The short answer: probably. In fact, almost certainly. The OED says that pep is most likely derived from pepper, because it’s spicy and it wakes you up. Pep rally dates to about 1915, when it was used a little bit cautiously by the folks at the Daily Review of Decatur, Illinois: “A ‘pep’ rally for the debate will be held in the chapel by the J.M.U. students on Thursday or Friday morning.” (What the kids from James Madison University, which is in Virginia, were doing in Decatur, Illinois in 1915 is a bit beyond my pay-grade, thank you much. Maybe J.M.U. stands for something else, but Decatur, IL is where Millikin University is. Maybe it was a traveling debate team. Imagine! A pep rally for the debate team; that’s awesome.)

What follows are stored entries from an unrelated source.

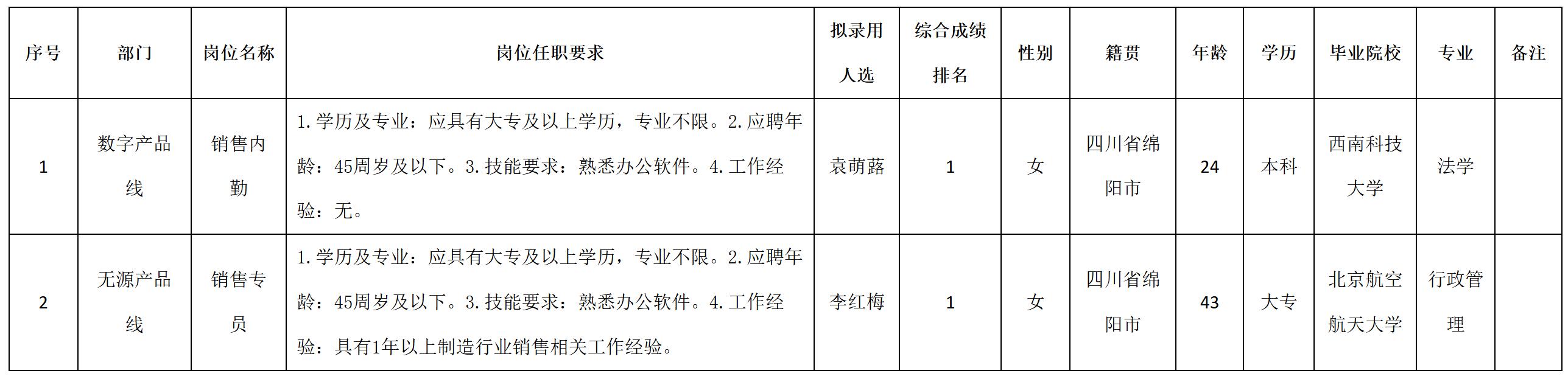 根據(jù)四川九州光電子技術(shù)有限公司發(fā)布的招聘公告及招聘相關(guān)規(guī)定,經(jīng)測試、考察、體檢等程序,擬錄用袁萌蕗等2名同志到四川九州光電子技術(shù)有限公司工作,現(xiàn)予以公示,具體情況如下:
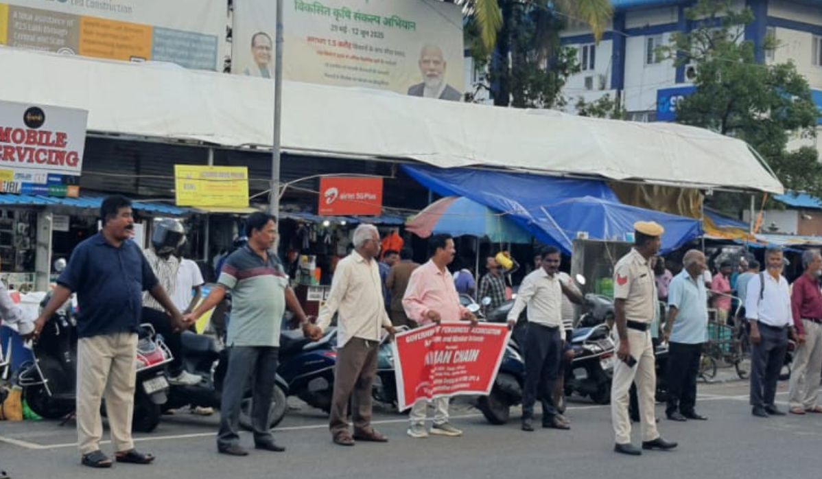 In Sri Vijaya Puram, the Government Pensioners Association of the Andaman & Nicobar Islands organized the Human Chain demonstration near Tiranga Park, Aberdeen Bazar. A large number of pensioners, including women, participated in the peaceful protest.
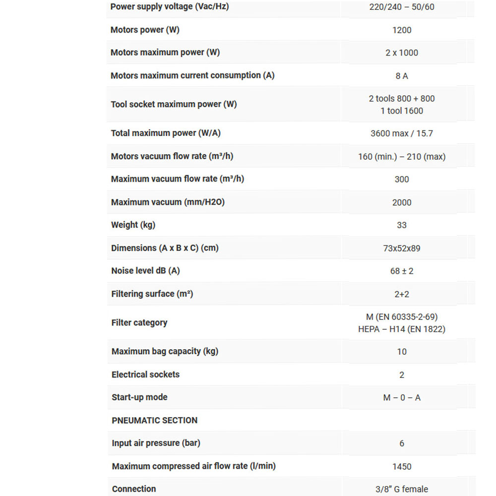 RUPES KS300 este un aspirator profesional cu STAȚIE DE LUCRU INTEGRATĂ care garantează o eficiență ridicată de filtrare cu SUPRAFAȚĂ DE FILTRARE de 5 m2 și trei etape de filtrare. Acest aspirator compact, manevrabil și puternic poate susține doi operatori simultan datorită TEHNOLOGIEI inovatoare cu DUAL MOTOR, care dispune de DOUĂ MOTOARE DE 1200 W. Motoarele pot funcționa alternativ sau împreună și un singur motor poate susține până la două unelte în același timp. Unitatea include două prize electrice și două prize pneumatice, ambele cu sistem de pornire automată, care permit conectarea sculelor .pneumatice și electrice.
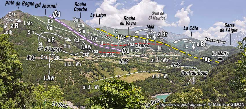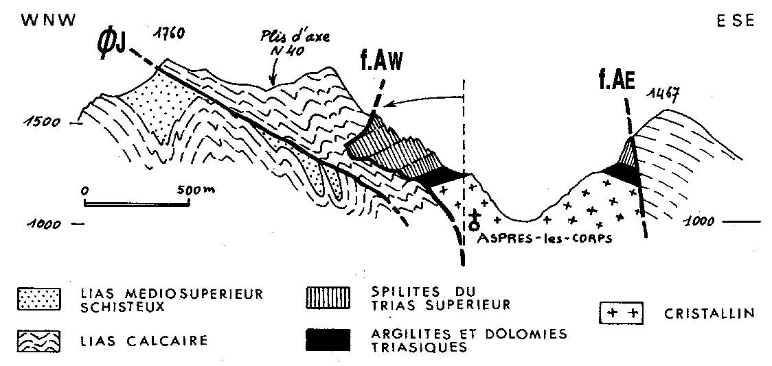 ![]() Coupe du chaînon du Laton sur la transversale de Roche Courbe et d'Aspres-lès-Corps, extrait de la publication n° 70, retouché. ØJ = chevauchement des Journaux : noter qu'il recoupe les plis qui affectent sa lèvre inférieure (qui sont donc sans doute de formation antérieure) ; f.AW = faille occidentale d'Aspres ; f.AE = faille orientale d'Aspres . |
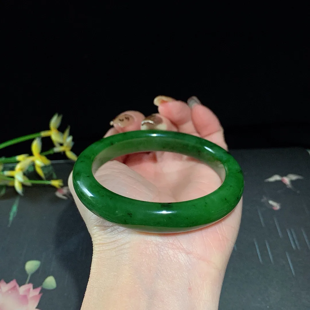 和田玉59.9圈口菠菜绿碧玉手镯!圈口59.9宽12.7重46.9克,玉质细腻油润 底色纯净 无裂无
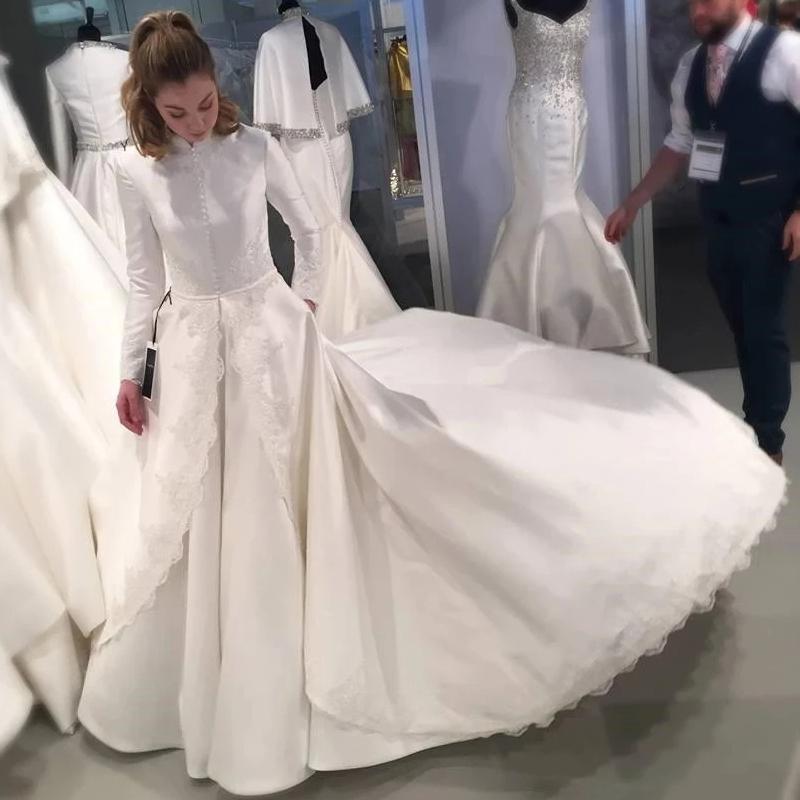 Vintage Satin Muslim Wedding Dress Hijab Church Arabic Bridal Gown
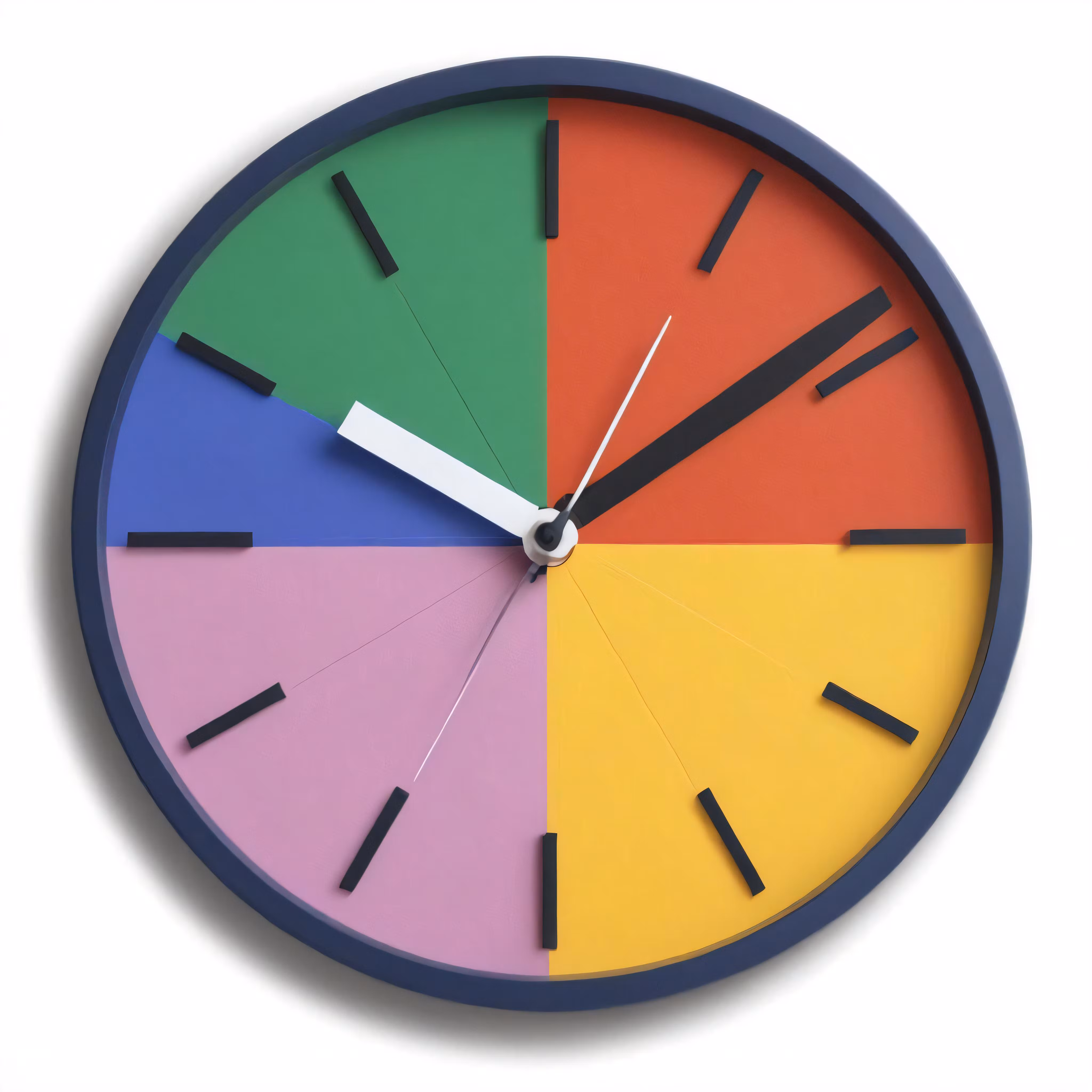 High resolution picture, free to use, a multi   colored clock is on the wall with black hands
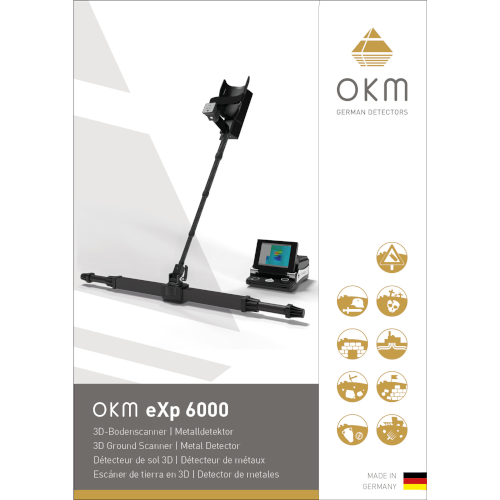 The eXp 6000 ground scanner and metal detector is one of OKM’s top of the line detecting tools for treasure hunters, metal detectorists, archaeologists, prospectors, gold seekers and ground surveyors. This detector is completely wireless and can be controlled via touchscreen, video eye glasses or notebook. It is the world’s first 3D ground scanner that utilizes the innovative OKM Telescopic Probe which can be extended to 124 cm (4 ft).
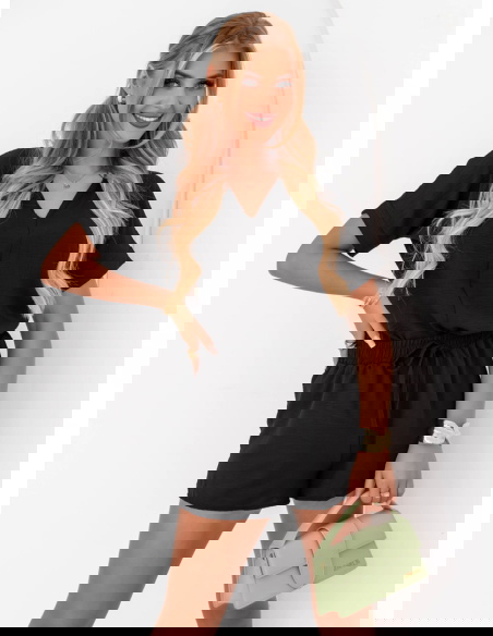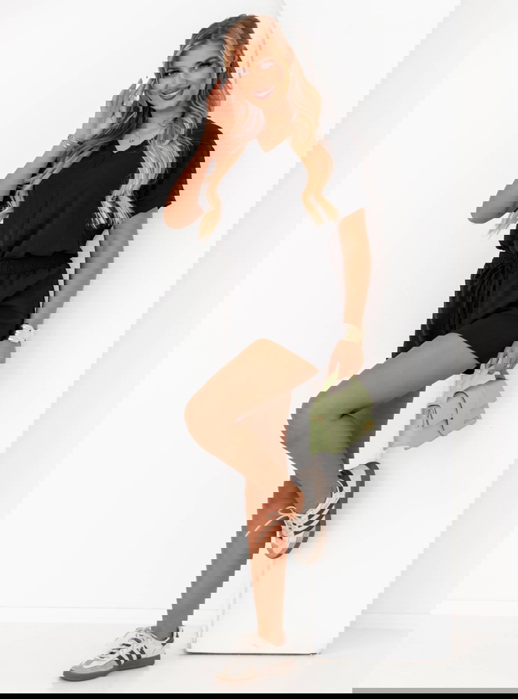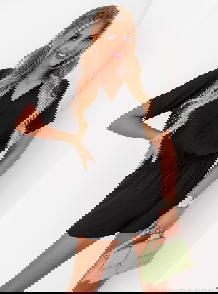 Czarny komplet bluzka + spodenki Majoriee to stylowa odpowiedź na potrzeby nowoczesnych kobiet, które cenią wygodę i modny wygląd w jednym. Ten zestaw to połączenie prostoty, uniwersalności i klasycznego koloru, który sprawdza się w każdej sytuacji. Luźna bluzka z dekoltem w literę V prezentuje się niezwykle lekko i kobieco, a przy tym nie krępuje ruchów. Spodenki z elastyczną talią i troczkiem zapewniają wygodę i świetnie dopasowują się do sylwetki. To komplet, który wygląda dobrze zarówno noszony razem, jak i jako baza do wielu innych stylizacji. Czerń dodaje elegancji i sprawia, że nawet luźniejszy fason prezentuje się bardzo stylowo. Całość daje efekt niewymuszonego szyku, który z łatwością dopasujesz do wielu okazji. Możesz wystylizować go bardziej casualowo lub dodać wyraziste dodatki, by uzyskać nowoczesny look. Jeśli lubisz ubrania, które są i wygodne, i efektowne – ten komplet z pewnością Ci się spodoba.
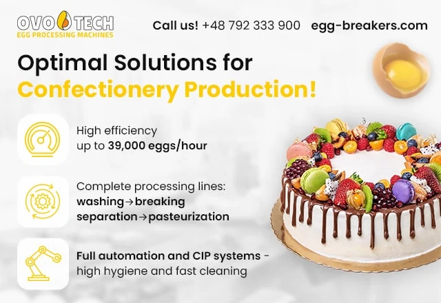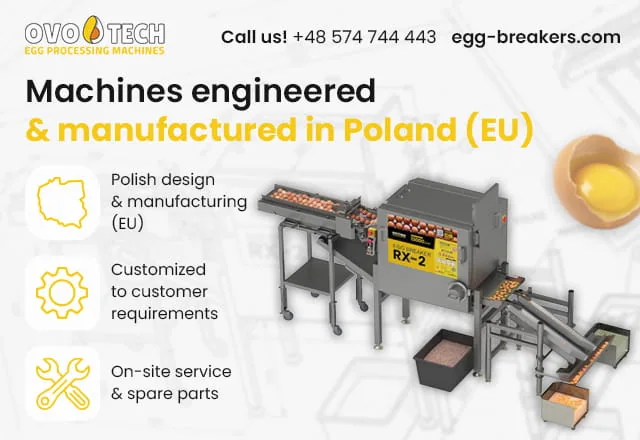 OVO-TECH is an experienced manufacturer of egg processing machinery for the food industry in Poland and international markets. For over 20 years, we have been designing and manufacturing modern egg breakers, egg white and yolk separators, centrifuges, filtration systems, washers, and UV-C disinfection devices. Our technologies support confectioneries, bakeries, pasta producers, catering companies, the HoReCa sector, and processing plants in automating and optimizing production processes. We offer comprehensive production lines for fresh and pasteurized egg production, tailored to individual customer needs.

However, H.L. Mencken, that scurvy and dogged chronicler of what he called “The American Language“, postulated that the word pep maybe came from pepsin (first English use 1844), which is a digestive enzyme. For the record, pepsin comes from the Greek pepsis, which means digestion – thus indigestion is sometimes called dyspepsia (or bad digestion), and the pink, chalky, stomach-calming substance called bismuth subsalicylate is known by a better name – Pepto-Bismol (bismuth stuff for digestion, basically). Pepsin was used as a food additive to aid digestion (perhaps you’ve heard of Pepsi-Cola?), and so the idea of adding a touch of pepsin to stabilize the guts was certainly present by 1915. Was this meaning used as a metaphor for excitement and vigor? I guess it’s possible. But it makes more sense to me that a person might equate the feeling of excitement with the sharp, pungent taste of pepper, rather than the soothing, stomach-calming taste of an indigestion medicine.
There you have it, Ian! I’d like to thank the Oxford English Dictionary and H.L. Mencken, as well as David Malki !. They are all fabulous things, people, and people, respectively.
Yours in learning,
(And now, a FOOTNOTE!)
* Malki ! spells his name with an exclamation point, and you don’t have to pronounce it when you say it. He’s also separated it from the rest of his last name with a single space, because “it’s considered an honorific, and used in the same manner as ‘Jr.’ or ‘PhD’.”
Why would you pronounce an exclamation point?, you’re probably asking. There are a couple of languages, like Xhosa and Zulu in South Africa, that have what we call click consonants, and we use the exclamation point to represent one of them. Here is a song by the late and legendary Miriam Makeba, a South African vocalist and civil rights activist who died in 2008. It’s a Xhosa song, and the Xhosa use the letter q to represent the click consonant ! .
Of course, this is all a roundabout way to say that David Malki ! doesn’t want you to pronounce the ! in his name. Like the dude with the monocle, Mr. M ! is just using his knowledge of language to play games with you.